Hace 88 años, el 14 y el 15 de agosto de 1936, las columnas africanas de los golpistas del 18 de julio exterminaron al 10% de la población de la ciudad de Badajoz, más de 4.000 personas de un censo de 43.726 habitantes (1930), y unas 16.000 víctimas –que serán más cuando se localicen las fosas comunes que quedan por situar– de una población provincial de 702.418 habitantes.
A las tropas llamadas de Regulares, mercenarios marroquíes, y de la Legión se sumaron a la represión partidas de asesinos falangistas, carlistas y terratenientes, entre otros, para dotar a la provincia extremeña del indigno honor de ser la que cuenta con más muertos por la represión franquista. Las víctimas del bando republicano, según el censo de la Causa General, fue de 1.411 personas.
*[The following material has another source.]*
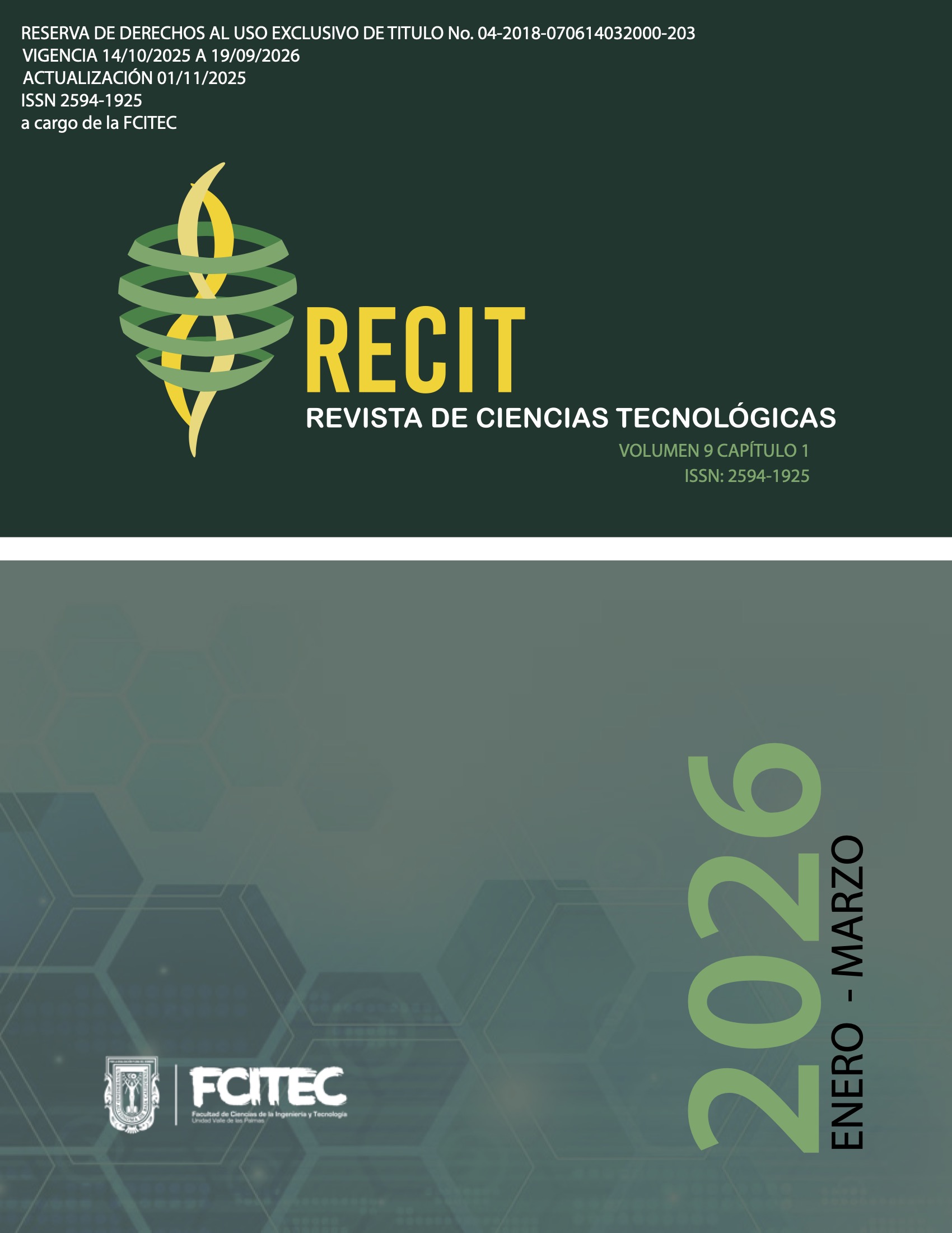 Research articles -Predictive modeling of carbon monoxide emissions using deep learning and environmental features from a Mexican border city -Chemical and Thermal Characterization of an exopolysaccharide from Lactiplantibacillus plantarum BAL-29-ITTG Review articles -Artificial intelligence and fermentation: applications, publications, and trend analysis -Comparative review of rehabilitation exercise for the lumbar region in individuals with musculoskeletal disorders Case studies -Analysis of the main factors involved in the 4.0 industry implementation process
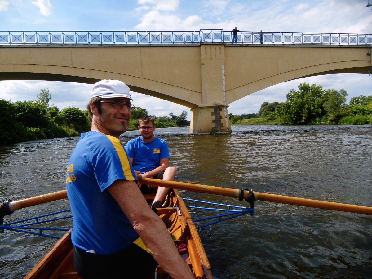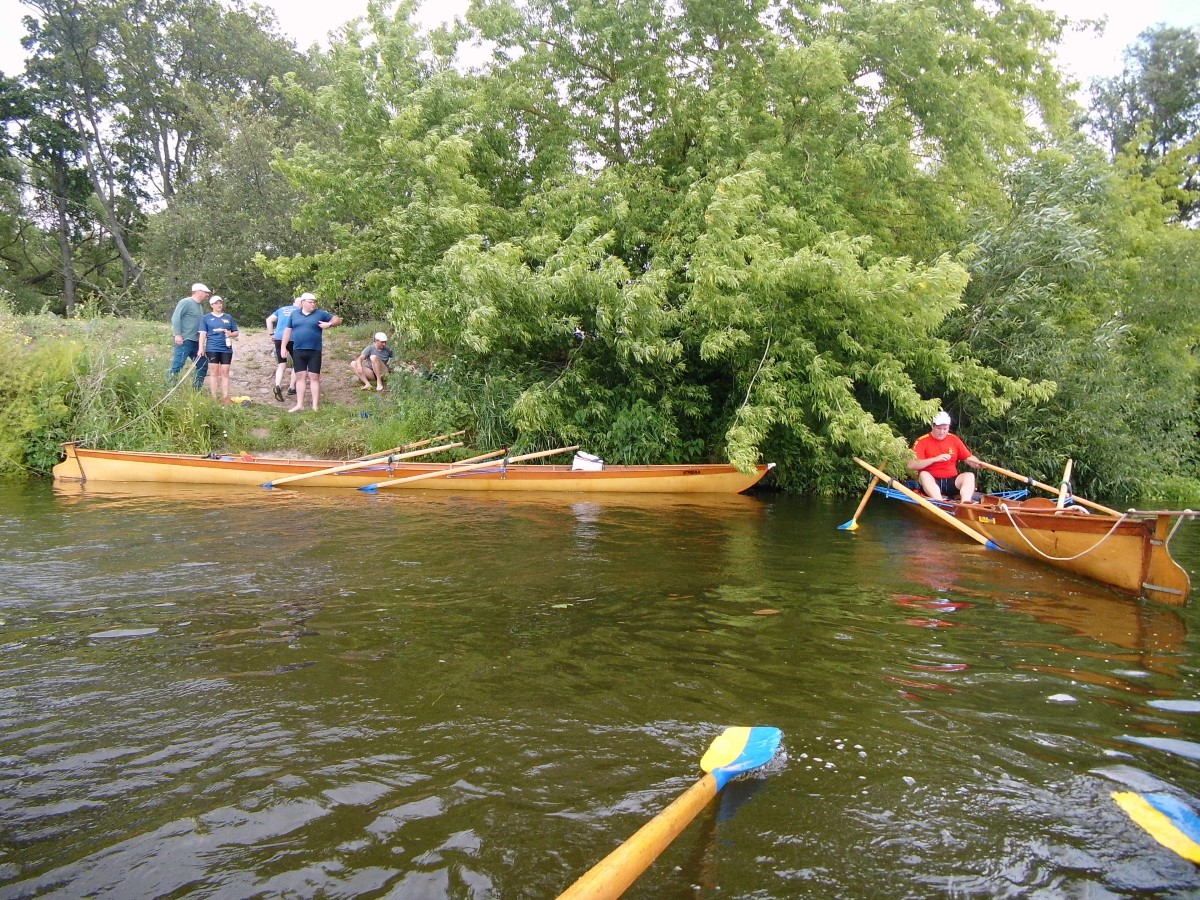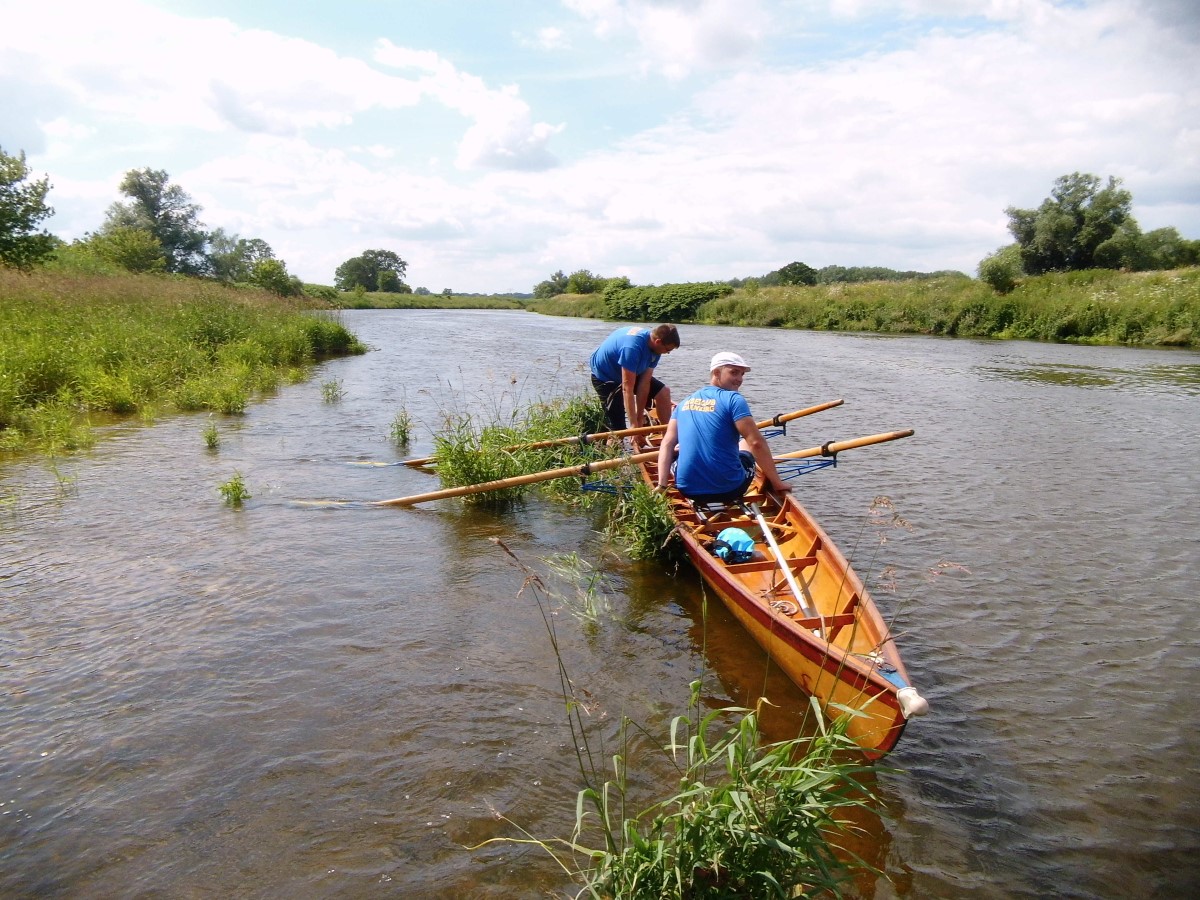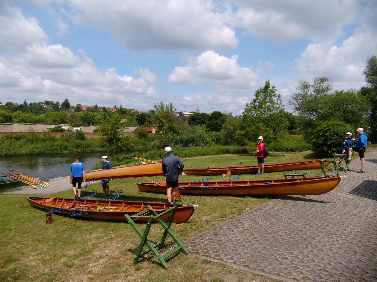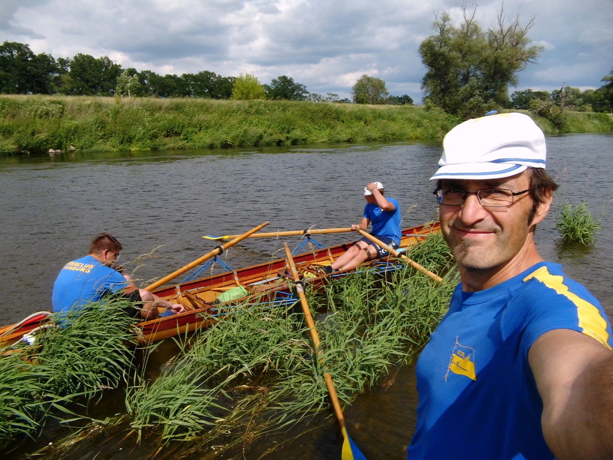 Vier bestens befüllte Gig-Doppelzweier mit Steuermann, ein 2-Mann-Landdienst und ein bisschen Optimismus. - Mehr brauchte es nicht, um anstatt der „Großen" regulären Wanderfahrt eine kleine aber feine Fahrt über den heimischen Mühlgraben auf die Mulde hinaus zu improvisieren. Der Muldepegel gab ebenfalls sein bestes, Dank wohl dosierter Regengaben im Vorfeld. Dennoch war Obacht angesagt. Nach vielfältig platziertem Großgehölz in den ersten 7 Kilometern Fahrrinne warteten standardmäßig die kiesigen Untiefen der Mulde.

El infierno comenzó el 2 de agosto: tras el paso devastador de las tropas coloniales por el norte de Sevilla y Córdoba, Franco envió tres columnas, la Columna Madrid para los golpistas y la Columna de la Muerte para los leales, a la conquista de Badajoz, a fin de unificarse con el ejército del Norte de Emilio Mola, que ya había entrado en Cáceres, y juntos, tomar Madrid. Con la caída de la capital, los cabecillas del golpe –Mola, El Director, Franco y Sanjurjo– confiaban en terminar lo que se había planeado como un golpe de Estado y empezaba a ser una guerra.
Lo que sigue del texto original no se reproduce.